The Week in Politics


While Australia has been preoccupied with the same-sex marriage survey and the energy debate, including a threat by Tony Abbott to cross the floor on a clean energy target if it increased the hand outs for renewable energy, the real excitement has been happening across the ditch.


There was a frisson of excitement when Jacinda Ardern was elected leader of the New Zealand Labour Party.

She looked the goods: a former adviser to Tony Blair with a strong family political background and a modern progressive political philosophy, she seemed like New Zealand’s answer to Justin Trudeau.

As a consequence, from the time she was elected the leader of the Labour Party on August 1, she experienced a meteoric rise in the polls.

A week ago Labour was leading the National Party, which is in government, by 44 to 40 on a two party preferred basis.
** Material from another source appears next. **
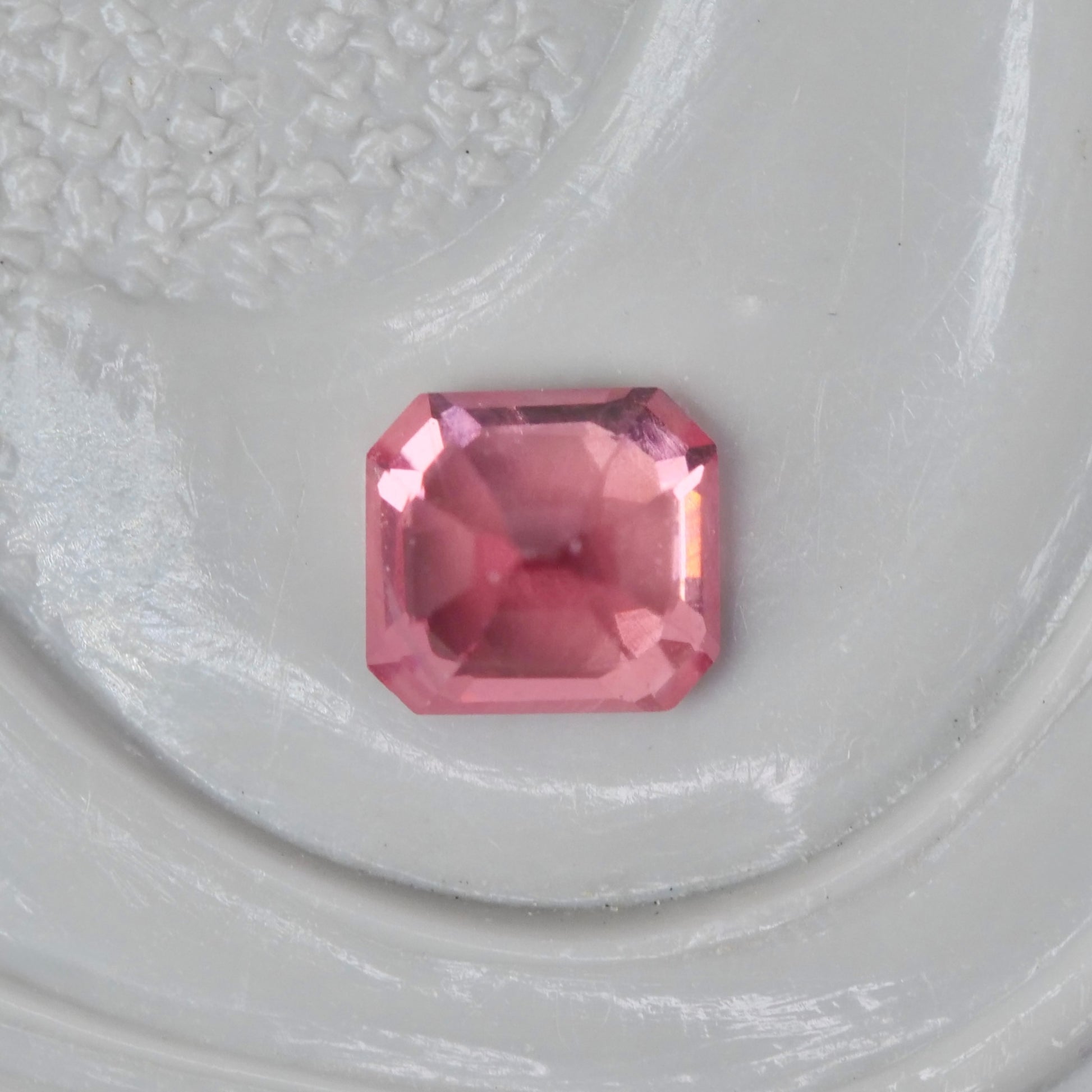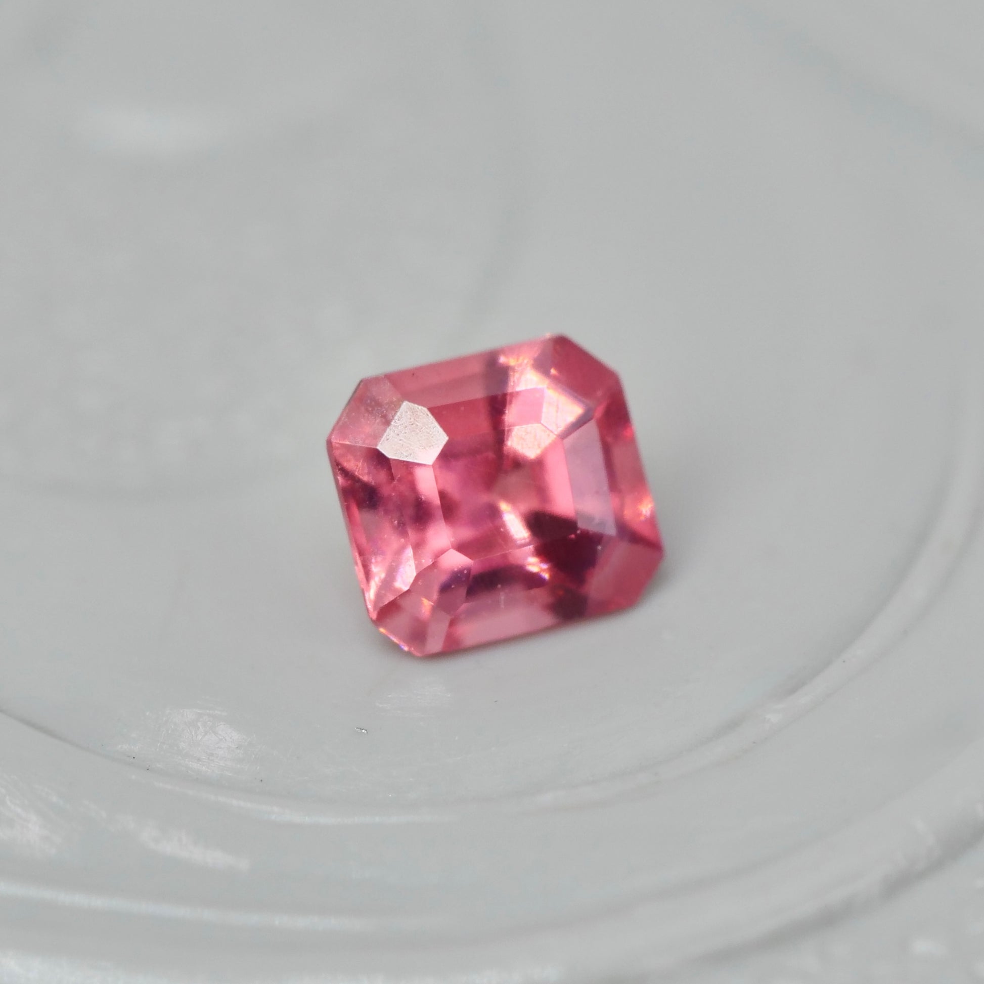 温かみを感じるピンクの透明感が美しい、エメラルドカットのスピネルです。

Ms Ardern was leading the NZ PM Bill English as preferred Prime Minister by 34 to 32.

This week the wheels fell off: Labour dropped seven points and the Nationals gained nine in the 2PP.
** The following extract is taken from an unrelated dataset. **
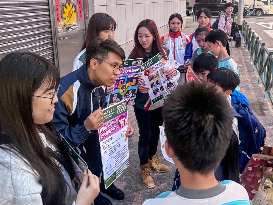 农历新年长假期临近,青少年外游或参与节庆活动的时间显着增加,为加强青少年防罪守法意识,预防他们误堕法网或受到不法侵害,司法警察局展开“新春假期前夕警校联合防罪巡查”工作,联合已加入“学校安全联络网”的多所学校代表,并组织“社区安全青年领袖计划”及“灭罪小先锋种子计划”学员,前往本澳各区校园周边进行巡查及宣传防罪讯息。

The ostensible reason was the absence of a tax policy in Labour’s economic platform but it was more likely that the electorate had decided that Ms Ardern was not ready for the job and that it was not worth giving up a safe pair of hands for a celebrity candidate.

In the meantime the political atmosphere in the Land of the Long White Cloud has been livened up by the intervention of the Chinese in the election.

The Nationals are fielding a candidate, Jian Yang who spent 17 years in the Peoples’ Liberation Army teaching English to Chinese soldiers, who’s been accused of being a Chinese spy but he’s not the only one.

There are allegations that Chinese owned dairy farms are being used as launching sites for high altitude balloons carrying spyware.

Not only this but Chinese state owned companies have donated $100,000 to Mr English’s campaign.

Saturday’s New Zealand election could be the most exciting for some time.

The winner will probably be known early in the evening Australian time.

From the Gallery: September 22, 2017 • The High Court, sitting as the Court of Disputed Returns, heard yesterday that, in May and June 2016, One Nation Senator Malcolm Roberts asked the UK Consulate in Brisbane and the British Embassy in Canberra whether he was still a British citizen in messages sent to two email addresses which, it now transpires, were decommissioned by the British government in 2010. Not surprisingly the Senator’s emails elicited no response. He later sent another message complaining that he’d received no reply although the email address to which he directed this missive remains a mystery. Senator Roberts rejected the suggestion that, since he’d framed his query in terms of “Am I still a British citizen?” this meant that he knew he’d been one at some stage. Apparently if he’d Googled “How to renounce my British citizenship?” he would have found a bunch of official websites ending with ‘.gov.uk’. Senator Roberts told the Court that he did not remember where he found the email addresses he used in May and June last year.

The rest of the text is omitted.